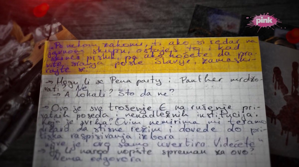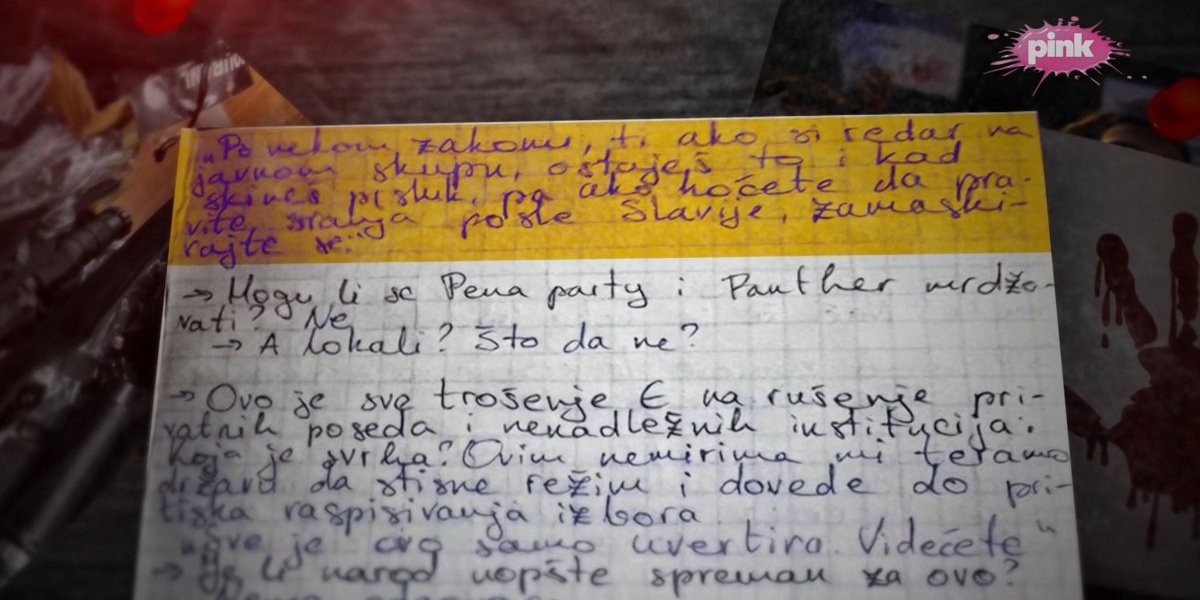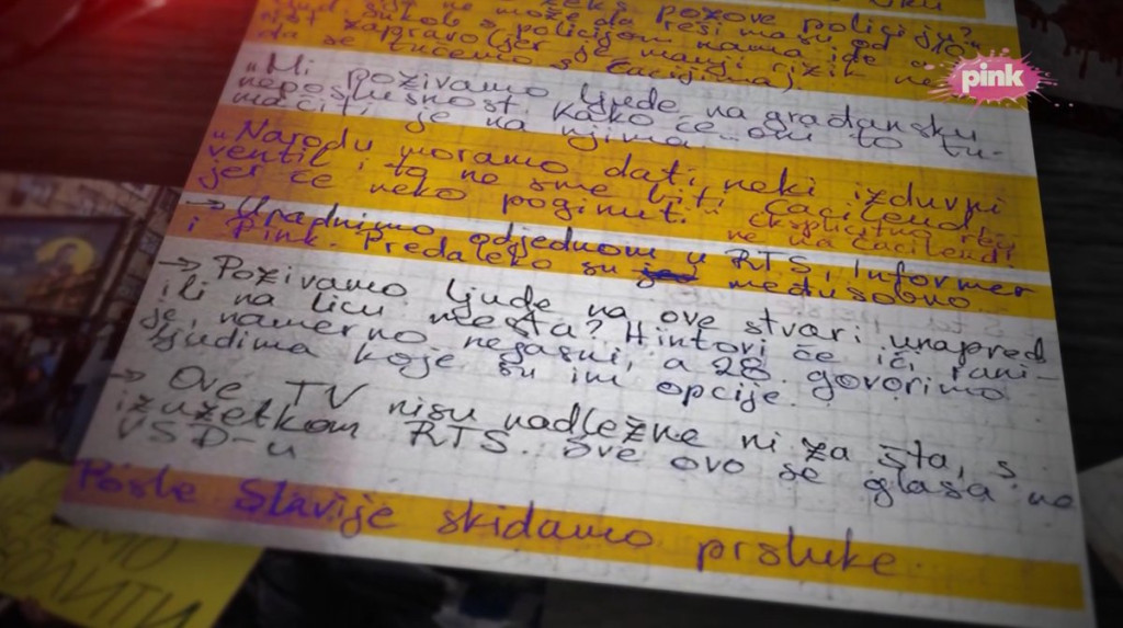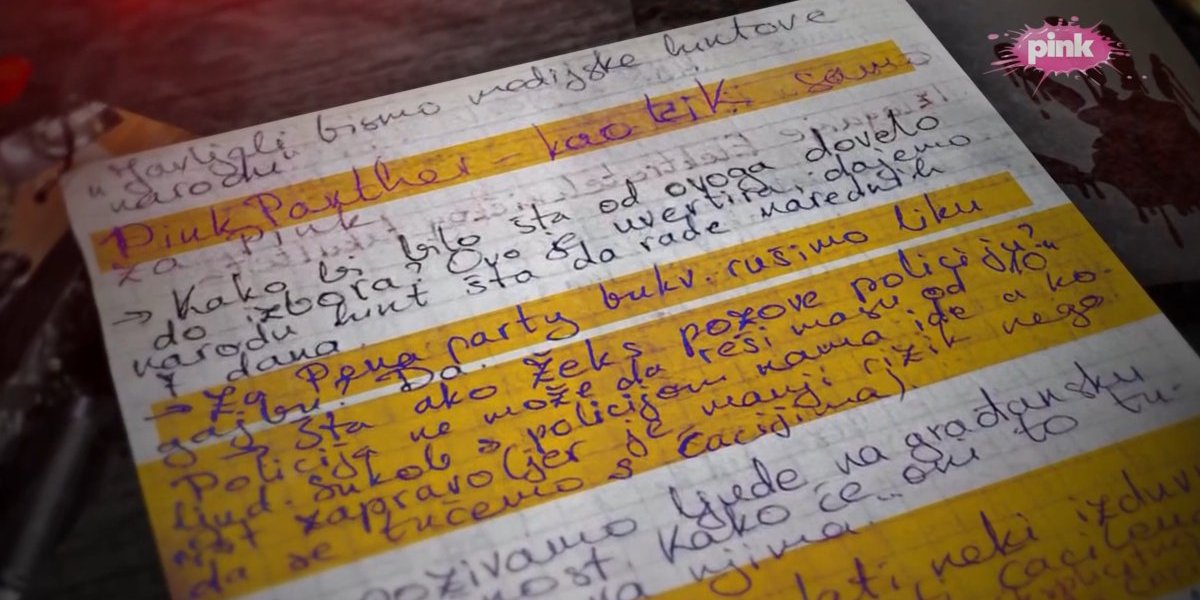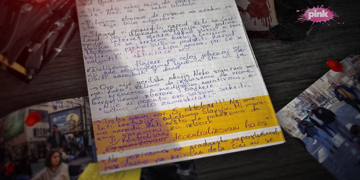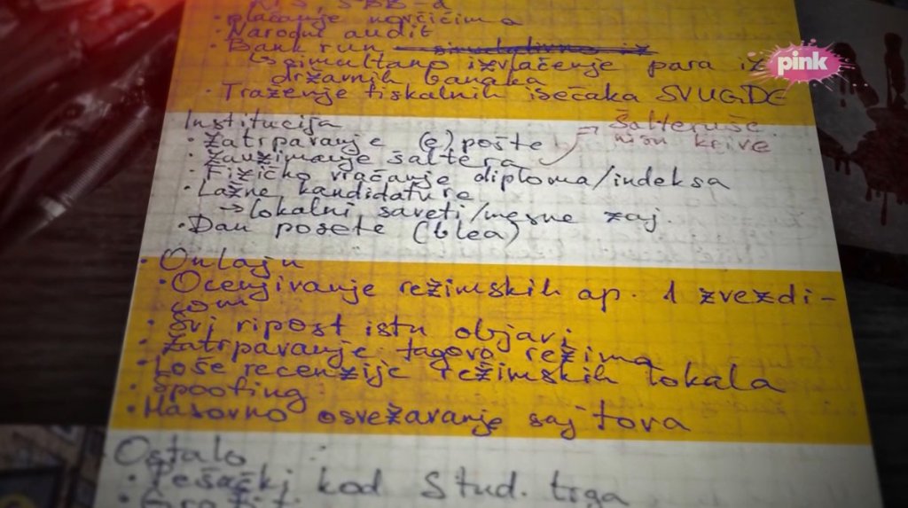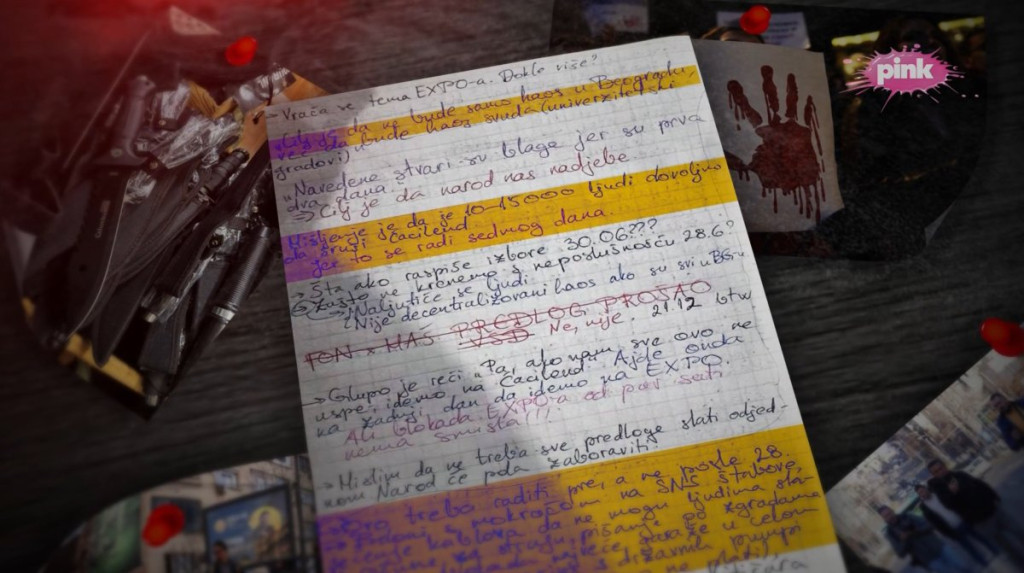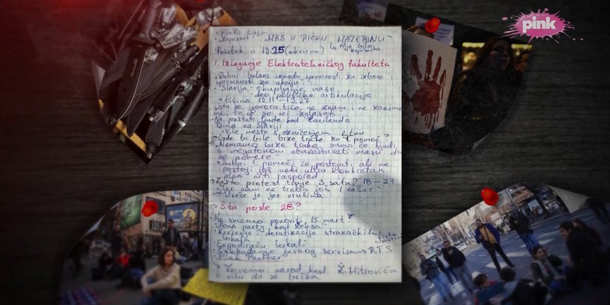 Naime, iz konteksta navedenog teksta napisanog rukom može se zaključiti da je reč o planovima studenata u blokadi tokom protesta koji je najavljen na Vidovdan u Beogradu. Takođe, navedena je mogućnost da nakon 28. juna blokaderi organizuju "Pena parti kod Žeksa" (reč je o vlasniku TV "Pink" Željku Mitroviću), krečenje i deratizaciju stranačkih lokala (najverovatnije se misli na prostorije SNS-a), "oslobađanje" zgrade RTS-a, realizacija akcije "Pink Panter", kao za Republičku izbornu komisiju, ali usmerenu prema medijskoj kući Pink.
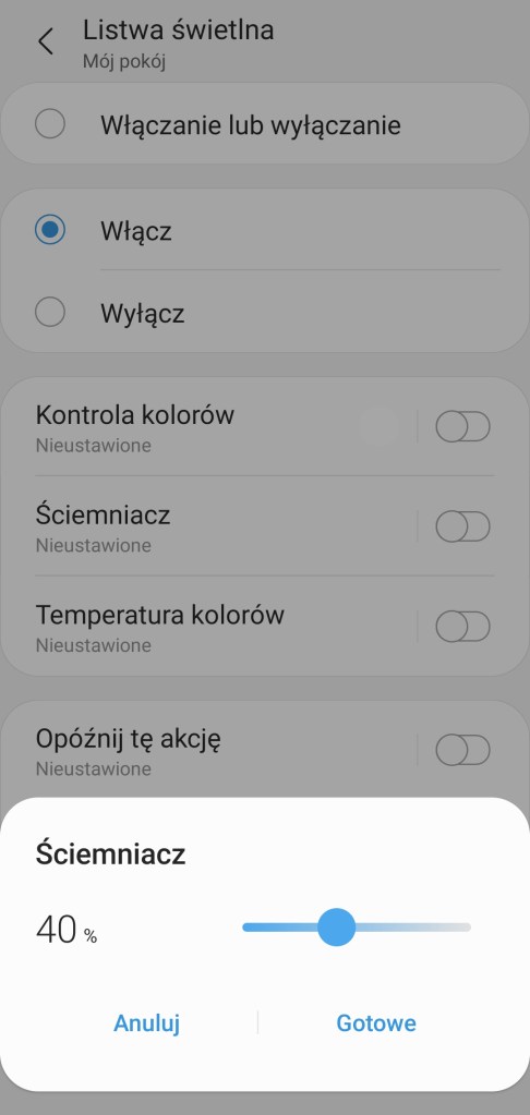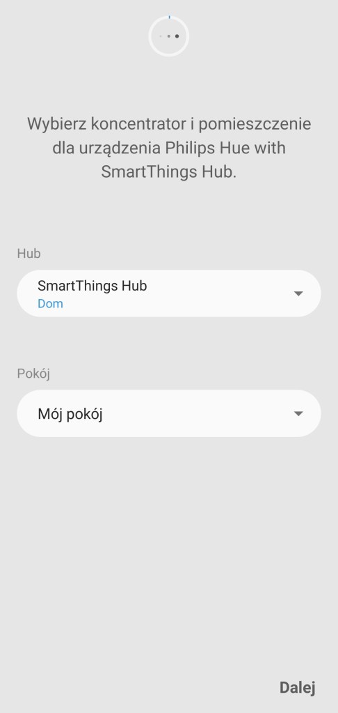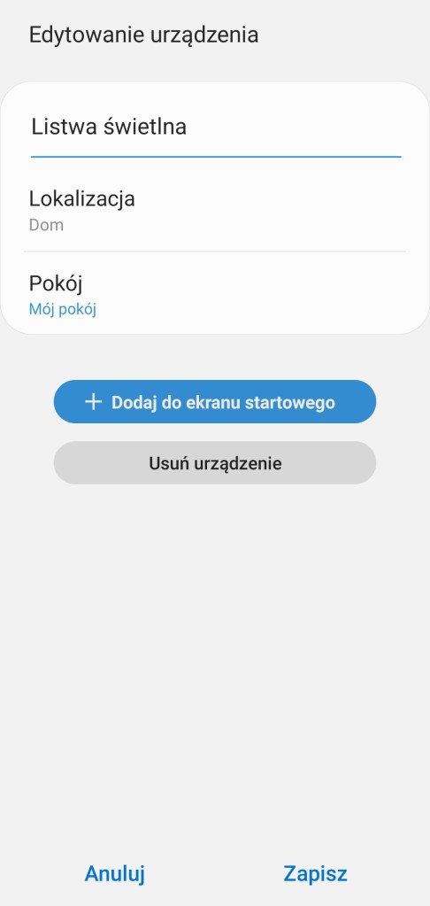 Po dodaniu urządzenia w aplikacji Philips Hue, możemy przystąpić do dodania taśmy świetlnej do ekosystemu SmartThings. Przechodzimy do aplikacji SmartThings, na ekranie głównym aplikacji, klikamy „plus”, kolejno „Urządzenie”, znajdujemy markę Philips Hue >> Oświetlenie. I dodanie poprzez „Philips Hue with SmartThings Hub”, klikamy „Rozpocznij”, uruchamiając proces konfiguracji. Wybieramy hub i pokój dla urządzenia. Po chwili nowe listwa zostanie wyszukana. Taśma się zaświeci, na koniec mamy możliwość zmiany nazwy przykładowo „Listwa świetlna”, kończymy proces instalacji, klikając „Gotowe”.
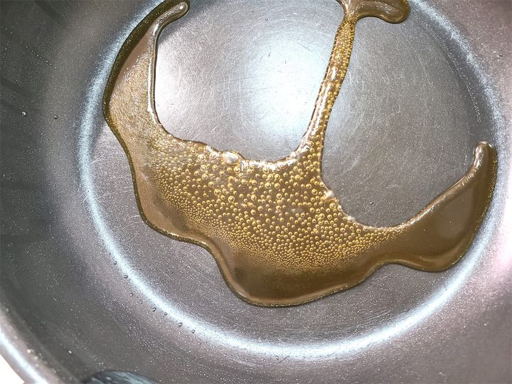 4. フライパンに砂糖と水(カラメル用)を加え弱火で熱し、砂糖が軽く焦げてカラメルになるまで加熱します。
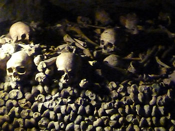 Parisians were immediately curious about their Catacombs, but the first public visits only took place in 1806. In that year Emperor Napoleon visited them, and the same year air-borne (!) photography pioneer Felix Nadar 'took the plunge'. Here he is underground. ![]() And today? Yes, for a modest fee you can visit the Paris Catacombs which are now managed by the city's Museums organization. Opening times: every day (except Mondays and holidays) from 10 AM to 5 PM. – last entry at 4 PM. The visit begins with a rather dizzying descent of a narrow spiral stairway's 130 steps. You then embark on about two kilometers of bone- and skull-lined galleries accompanied by the remains of some six million Parisians.

Problem details
Each line from the one that contains "4. フライパンに砂糖と水(カラメル用)" to the end of the listing must be quoted exactly; no other line and no picture belongs in the copy.

The completed task
 4. フライパンに砂糖と水(カラメル用)を加え弱火で熱し、砂糖が軽く焦げてカラメルになるまで加熱します。
 Parisians were immediately curious about their Catacombs, but the first public visits only took place in 1806. In that year Emperor Napoleon visited them, and the same year air-borne (!) photography pioneer Felix Nadar 'took the plunge'. Here he is underground. ![]() And today? Yes, for a modest fee you can visit the Paris Catacombs which are now managed by the city's Museums organization. Opening times: every day (except Mondays and holidays) from 10 AM to 5 PM. – last entry at 4 PM. The visit begins with a rather dizzying descent of a narrow spiral stairway's 130 steps. You then embark on about two kilometers of bone- and skull-lined galleries accompanied by the remains of some six million Parisians.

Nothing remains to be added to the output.